In males, the Y chromosome is one half of his 23rd chromosome pair. Females inherit an X chromosome from their mother and an X chromosome from their father, but males inherit an X from their mother and a Y from their father. Having a Y chromosome is what makes a person genetically male. Naturally, only males can take a Y-DNA test.

The Y chromosome is unique in that it is passed down the paternal line from father to son to son to son to son virtually unchanged over thousands of years. Very infrequently, changes do happen. These changes are called mutations. Once a son's Y is passed down with a mutation which his father's Y did not have, the mutated version will be passed down son to son to son to son. Because of this, we can see with incredible accuracy when and where mutations occur.

A Y-DNA test is sometimes called a "Surname Test." Typically, males do not change their surnames as women do, so if your Y-DNA test shows that most of your matches are named "Springsteen", then that's the surname almost every man who passed your Y chromosome down the line would have used since the start of passed-down surnames.

Almost every man.

Adoptions happen. Affairs happen. Kidnappings happen. Daddy-haters who change their names happen. But by and large, surnames generally remain the same or very similar for generations.

When my brother's Y-DNA results came in, the results were immediate and unquestionable. The Y chromosome which my brother had gotten from our father and he'd gotten from his father and he'd gotten from his father belonged to the line of men who for hundreds and hundreds of years had been using the surname Gleason, not Ward. We had 32 Y-DNA matches for the basic 37-marker test we initially bought.  Only 4 had names which were not Gleason or a close variant. When we upgraded and had 67 markers tested, only 2 of 11 matches had surnames that were not Gleason.

Of course, having gotten this earth-shattering new information, we immediately turned our attention to finding our mysterious Gleason ancestor and figuring out how Henry Gleason Ward ended up in the care of Mary Wallace Ward. We ordered more tests for more siblings and breathlessly awaited the results.

Not.

DNA results can be confusing. Let's face it, none of us is begging to go back to 10th Grade Biology class. Sure, most of us remember something about a double helix and that mitochondria is the powerhouse of the cell, but frankly, it's been more than a few years since most of us have had to think about Deoxyribonucleic Acid. (Spelling it correctly was once a bonus question on one of my high school biology quizzes. I think you'll agree my Fernandina Beach High School education has paid off in spades.)

When you're expecting to see Ward all over a match page and see Gleason instead, you think you know what it means and you're pretty sure you should do something with that information, but you're not exactly sure what. By an extremely fortunate coincidence, the Gleason Surname Project on Family Tree DNA is the surname project to which all others aspire. The admins actively recruit anyone with the surname Gleason to test their DNA and add it to the database.

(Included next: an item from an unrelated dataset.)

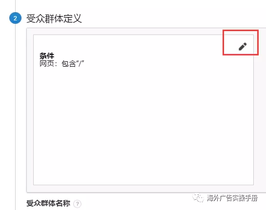 接下來我們就可以定義受眾群體了。講一個比較常用的方式——訪問過我網站的特定部分。

Almost immediately after our results showed we belonged to the Gleason Y DNA line, Judith Claasen, one of the admins, sent an email in which she very diplomatically noted that although our surname didn't match, it appeared we were Gleason descendants. She asked if we'd like to join the project, which we did. Emails were exchanged, and Judith's knowledge and willingness to help allowed us to make sense of our results. Another genealogist, Maud Gleason, went out of her way to help us, exchanging emails with Judith on our behalf, asking questions we didn't even know how to ask.

We Gleasons are not just devastatingly attractive. We're also incredibly helpful.